How do I get refresh token using GIDSignIn and GTMOAuth2Authentication in iOS?

Question

I am writing an iOS app that uses Google's GIDSignIn [1] to sign in users and GTLServiceYoutube to execute queries against Youtube (uploading videos and retrieving Youtube video lists).

This works fine when the user first logs in but after approximately one hour, the access token expires and the user is no longer able to execute queries with GTLServiceYoutube due to a 401 error (invalid credentials).

I use the following code to set the GTMOAuth2Authentication after successful login:

- (void)signIn:(GIDSignIn *)signIn didSignInForUser:(GIDGoogleUser *)user withError:(NSError *)error {

    if (error == nil) {
        [self setAuthorizerForSignIn:signIn user:user];
    }
    [super signIn:signIn didSignInForUser:user withError:error];
}

- (void)setAuthorizerForSignIn:(GIDSignIn *)signIn user:(GIDGoogleUser *)user {
     GTMOAuth2Authentication *auth = [[GTMOAuth2Authentication alloc] init];

    [auth setClientID:signIn.clientID];
    [auth setClientSecret:[[NSBundle mainBundle] objectForInfoDictionaryKey:@"GoogleClientSecret"]];
    [auth setUserEmail:user.profile.email];
    [auth setUserID:user.userID];
    [auth setAccessToken:user.authentication.accessToken];
    [auth setRefreshToken:user.authentication.refreshToken];
    [auth setExpirationDate: user.authentication.accessTokenExpirationDate];
    [[UserManager sharedInstance].youTubeService setAuthorizer:auth];
}

where [[UserManager sharedInstance].youTubeService is an instance of GTLServiceYouTube.

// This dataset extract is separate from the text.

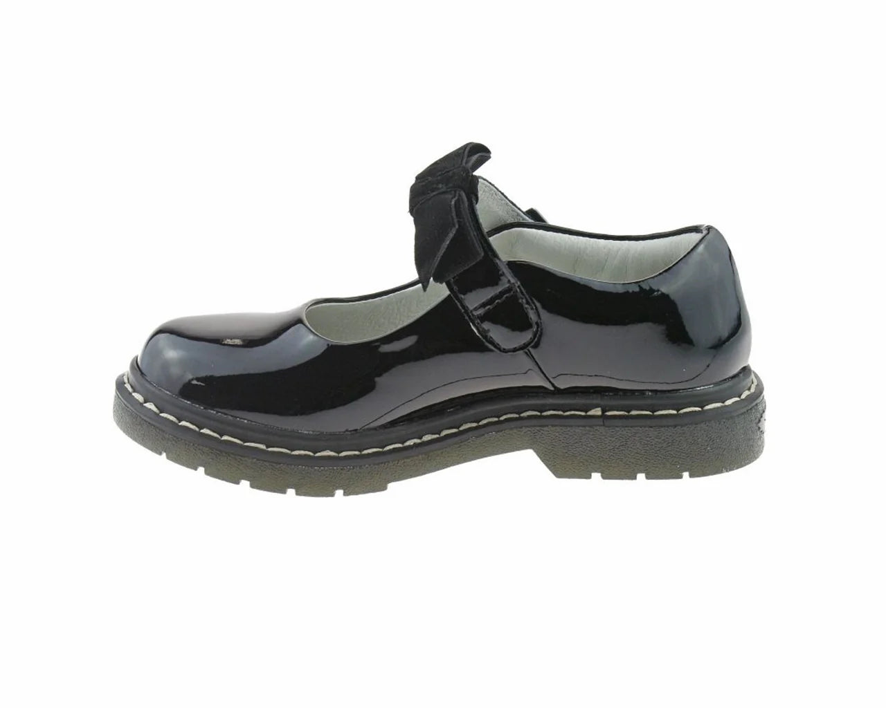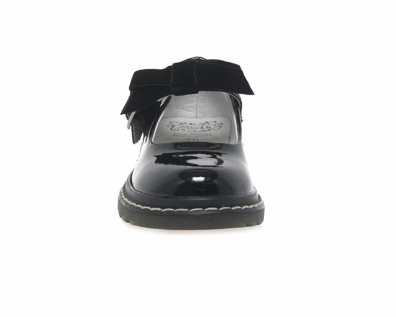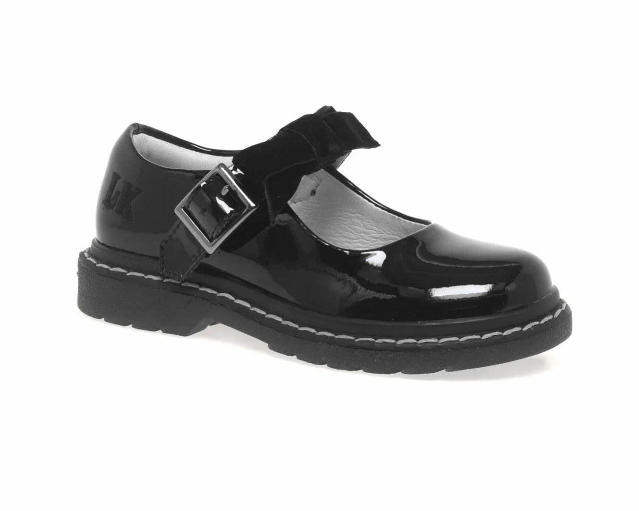 "Frankie" Beautiful Lelli Kelly school shoes in black patent, With black velour piping round the foot and a black velour removable bow. The Mary Jane strap is adjustable with a buckle and the sole is chunkier and very durable with a contrast stitch, Lelli Kelly branding is embroidered in black on to the side. Leather, Style code LKSM8286
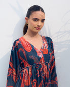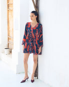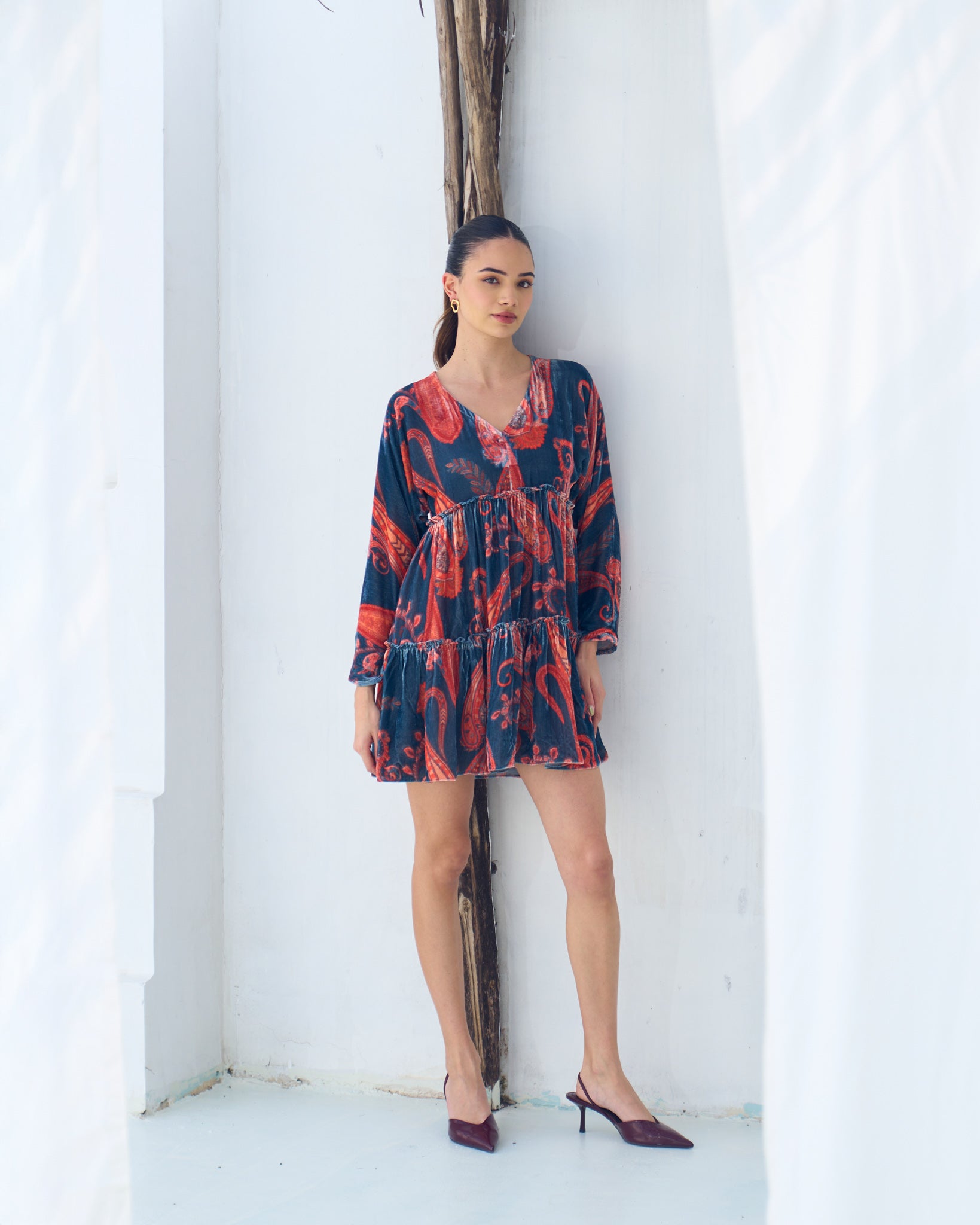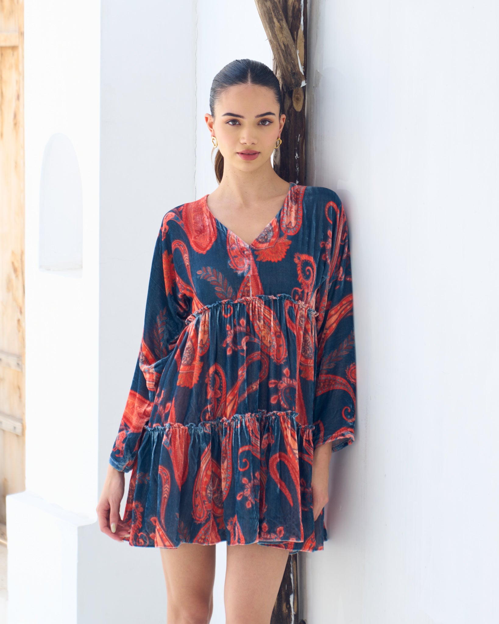 A captivating mini dress featuring a paisley print in deep navy and rich coral-red. The dress has a flattering V-neck, long sleeves, and a tiered, gently gathered skirt that offers an easy, playful bounce. Its rich, deep color and sheen give it an elevated appearance, making it perfect for evening or transitional styling.

The only problem is with the GTLServiceYouTube. GIDSignIn seems to handle the refresh tokens, so that the user is always logged in after the first login. But the GTLOAuth2Authentication only works on the first login and is broken after one hour.

So my question is: Am I doing something wrong here? Or am I missing something to get the proper access token in GTMOAuth2Authentication after refresh?

[1] https://developers.google.com/identity/sign-in/ios/api/interface_g_i_d_sign_in

Answer 1

I believe the correct way to do this is by signing the user back in when the app is reopened or the token needs to be refreshed. This can be done by calling [[GIDSignIn sharedInstance] signInSilently] and then, when it finishes signing in update the keychain or datastore with your new auth tokens.

Answer 2

As of GoogleSignIn 2.1.0, making a call to [GIDSignIn sharedInstance].signInSilently; updates the credentials stored in [GIDSignIn sharedInstance].currentUser.authentication.

Run pod update on your project to update to the 2.1.0 SDK if you're using Cocoapods.